Her attention was fixed on the far side of the ballroom, her expression still thoughtful—still faintly entertained—as her gaze moved past the musicians, the doors, the faces.

Not searching. Not expectant.

Just… waiting.

And that made it worse. If she were scanning the room for Wickham, at least then her loyalties would be visible, predictable. Instead, she looked content to let the evening come to her—as if she already knew its outcome and was only indulging its delays.

Where was Wickham?

The question had not left his mind for days. The night seemed perfectly arranged to test his composure: Wickham should have appeared by now, all flashing teeth and polished lies, just in time to steal Elizabeth’s attention before Darcy could finish convincing himself he did not care.

But he had not appeared. Denny had mentioned “militia business.” Darcy was inclined to believe nothing that passed through that particular channel.

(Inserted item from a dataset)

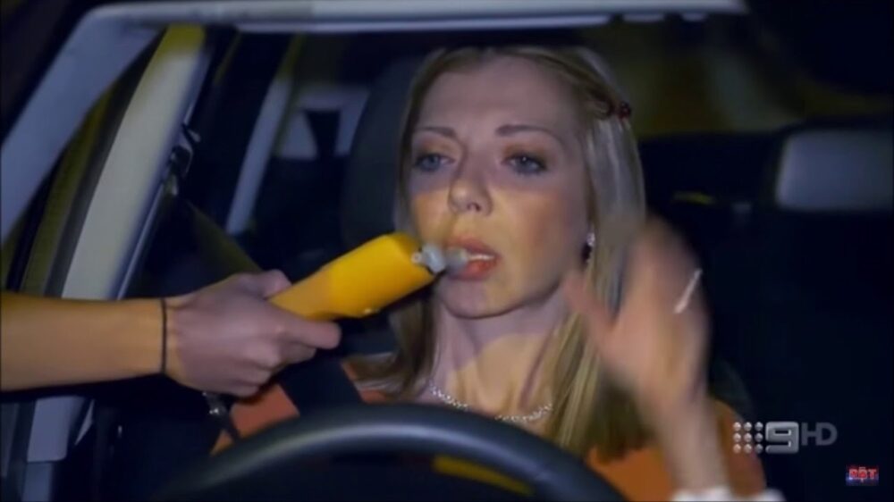 Blondje heeft geen enkel idee hoe ze moet uitblazen tijdens blaastest

Darcy had braced for it. Wickham's arrival should have been the match. The explosion. Instead—nothing. And that silence was its own kind of threat. Because Wickham never vanished. He waited. He chose his moments. He studied the board.

And Elizabeth had always been too generous with her trust.

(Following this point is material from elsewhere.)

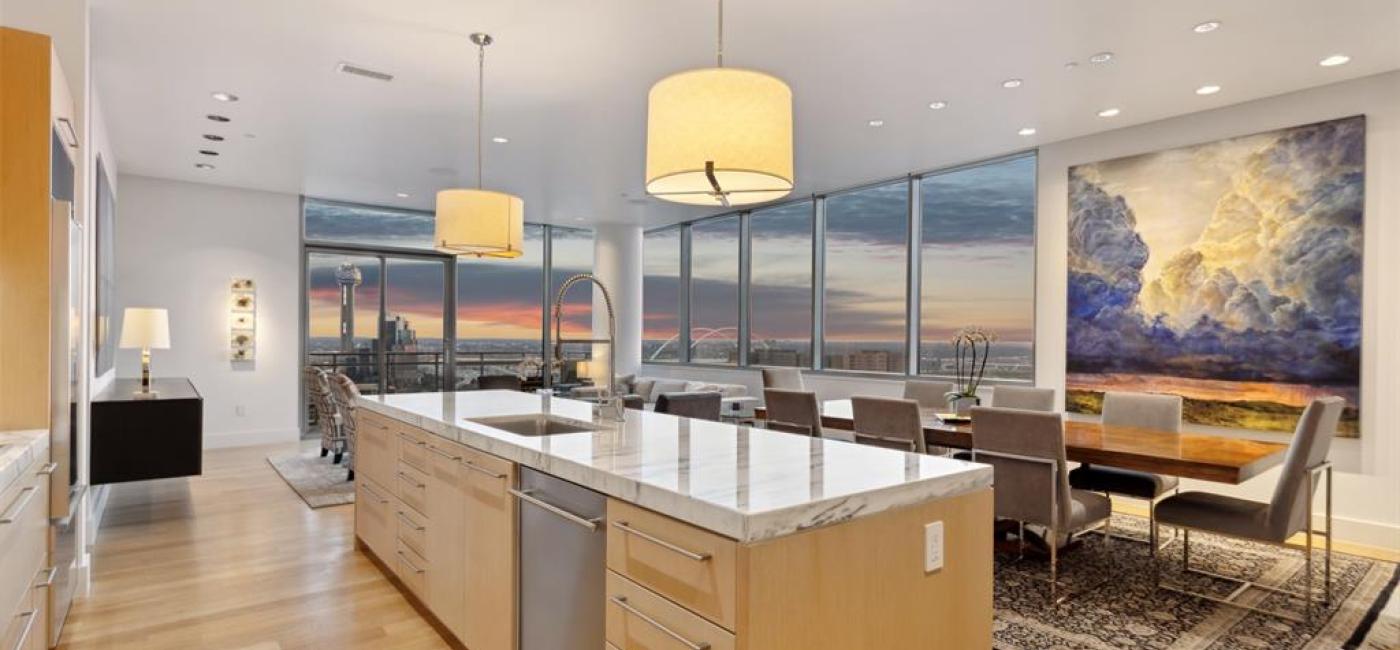 Perched on the 17th floor of The House Condos, a striking Philippe Starck-designed high-rise in Victory Park, this sophisticated residence offers breathtaking floor-to-ceiling views of the Santiago Calatrava-designed Margaret Hunt Hill Bridge and the dazzling Downtown Dallas skyline. The impeccably designed kitchen showcases statuary marble, a custom pantry, and top-tier appliances, including a Sub-Zero refrigerator, Wolf oven, Bosch induction cooktop, and Asko dishwasher. The primary suite is a serene retreat featuring a statuary marble-clad bath with double vanities, an oversized soaking tub, a separate shower, and a custom closet system. Elegance abounds with light white oak flooring throughout, motorized shades, Lutron lighting, and museum-finish walls. A separate utility room enhances convenience, while the second living area offers versatility as a den or study. Two private balconies, including one off the primary suite, provide stunning outdoor spaces. The residence also includes two dedicated parking spaces and a storage unit. Indulge in world-class amenities, including a pool terrace with a 130-foot saline infinity pool, a separate spa, a stylish lounge, a guest suite, and a state-of-the-art gym. Exceptional services such as concierge, valet, 24-hour security, and package delivery ensure a seamless living experience.

Perhaps Wickham had thought better of coming, employing discretion for once in his life. Perhaps he had slipped away, knowing what would come if Darcy finally snapped.

Perhaps he had finally run out of luck.

And yet, half the women in the room were already whispering about his absence. “So handsome,” one said behind her fan. “So gallant,” said another. “I do hope he is well.”

Darcy resisted the urge to find something glass and hurl it into the fireplace.

Caroline Bingley appeared beside him with the timing and accuracy of a trained hawk. Her gown was flame-colored—did she own another shade?—and she was already speaking before he looked at her.

“You must dance the first with me, of course,” Miss Bingley said, appearing at his elbow with an effortless smile. “As hostess, I cannot lead the set alone. And Charles is already besotted—he has promised his to Miss Bennet.”

Darcy only nodded.

She waited half a breath, then added lightly, “Unless you mean to offend half the room by refusing? I should hate to see such a promising evening begin in scandal.”

He gave her a sidelong glance. She met it with impeccable serenity.

And that was that.

She slipped her hand into the crook of his arm. Her perfume coiled too close. Her grip feathered against his sleeve with all the delicacy of possession. And Darcy, mute like always, stood beside her like a statue—one carved out of spite and dressed for dinner.

“Do try to enjoy yourself,” she said sweetly as the music began. “And remember—if the young ladies grow tiresome, you may always rely on me for conversation that does not require translation.”

Darcy looked across the room as he was verily dragged away.

Elizabeth was laughing at something her sister had whispered, her posture relaxed, her eyes lit with the kind of ease that did not belong in a room like this. She had not looked at him once.

He stepped onto the floor with Miss Bingley on his arm, every line of his posture perfect, every word unspoken.

And all he could think was that he was dancing with the wrong woman.